I happened to be there for that game and for the subsequent shearing (there have been eight more repeats of this ritual since then). When Noah came back downstairs after undergoing this rather drastic change I was immediately ambivalent, to put it kindly. To put it less kindly, my attraction to him plummeted and I thought I had made a huge mistake.

At least, I felt that way for a couple hours until I realized I was an idiot and he was still quite handsome and now we’re married with four kids and living in a bus. I told him about how I nearly broke up with him when he shaved a long time ago and it still stands in my mind as a testament to my huge aversion to change.

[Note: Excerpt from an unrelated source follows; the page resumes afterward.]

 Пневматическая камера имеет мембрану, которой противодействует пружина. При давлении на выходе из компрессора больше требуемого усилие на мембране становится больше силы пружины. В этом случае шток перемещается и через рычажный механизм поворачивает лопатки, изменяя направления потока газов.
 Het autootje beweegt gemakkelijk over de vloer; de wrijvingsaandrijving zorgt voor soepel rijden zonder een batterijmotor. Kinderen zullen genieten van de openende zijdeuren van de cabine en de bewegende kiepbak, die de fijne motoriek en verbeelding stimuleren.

I was reminded of it yet again this week as the dry wall installation has been begun (and nearly completed!) in the house. After months of seeing the house as a skeleton of bare, see-through framing, having it suddenly closed in was very alarming for me. It just looked so… different.

drywall

Living/Dining Room

I was afraid, yet again, that we had made a big mistake. The rooms seemed too small, the doorways seemed too high or too low, the upstairs hallway seemed too long. Everything was just all wrong!

drywall3

Upstairs Hallway

However, because I know that I have this tendency to immediately hate all things new and different (even if they’re actually BETTER), instead of telling our contractors to start knocking down walls and redo everything (ahahahahaha), I gave myself a couple days of walking around in the spaces and going in and out of rooms and trying to imagine them with furniture and paint and all the good stuff.

drywall2

Kitchen

The kids’ rooms are small (each is about 11×10′), there’s no getting around that, but Noah reminded me that we planned it that way on purpose to make more common living space, because we want the kids out and about in the house rather than holed up in their rooms. We could have turned the upstairs Reading Nook into more bedroom space, but we wanted a place to sit around and read bedtime stories in the evening.

drywall4

Bedroom

And if, for whatever reason, we decide that things aren’t quite working for us, we left ourselves a lot of options to change  or expand if we choose to.

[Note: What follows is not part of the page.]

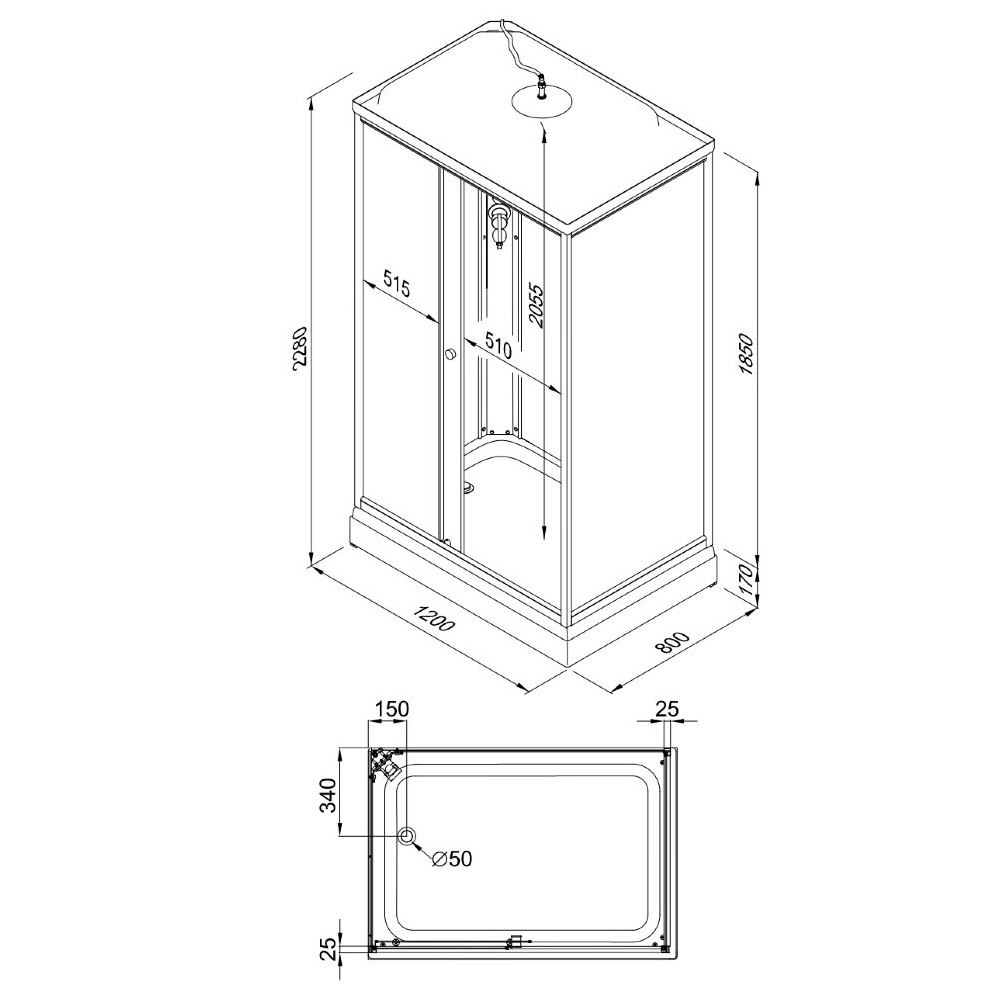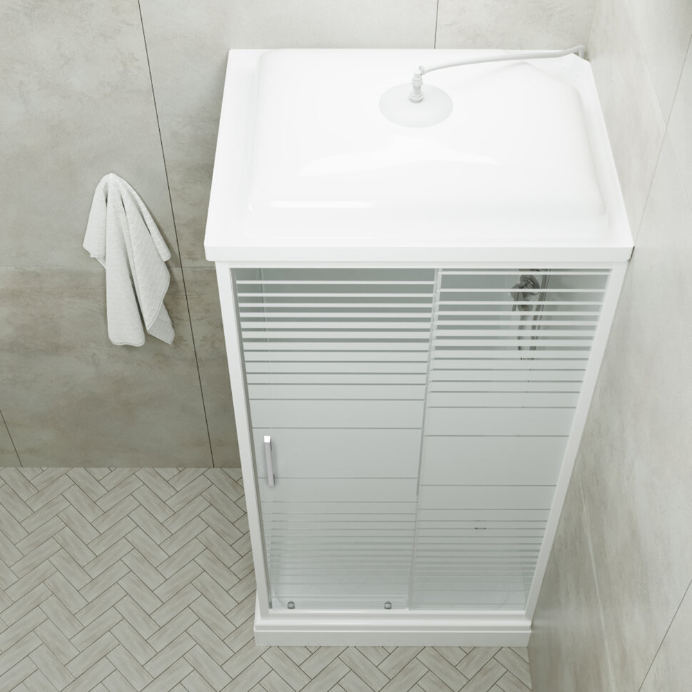 Комплектация: поддон + передние стекла + двери + задние стенки + крыша + комплект направляющих + душевой набор + сифон

For example: the three small bedrooms are all in a row on one side of the house, so we could knock down the walls of the middle one and just have two larger rooms. We also had the footings of the garage dug as deep as the rest of the house in case we decide to build out over it as well. We also have a closet in the downstairs library/office/homeschool room, with a bathroom right next to it with additional pipes put into the foundation to add a shower if we want, so we could eventually turn that into a bedroom. So, there are options for the future if we decide to utilize them.

Regardless, I realized that we are going to be just fine. Maybe we’ll even be MORE than fine. Maybe we can actually marry this handsome house!

Or, you know, just live in it for a long time. Whatever.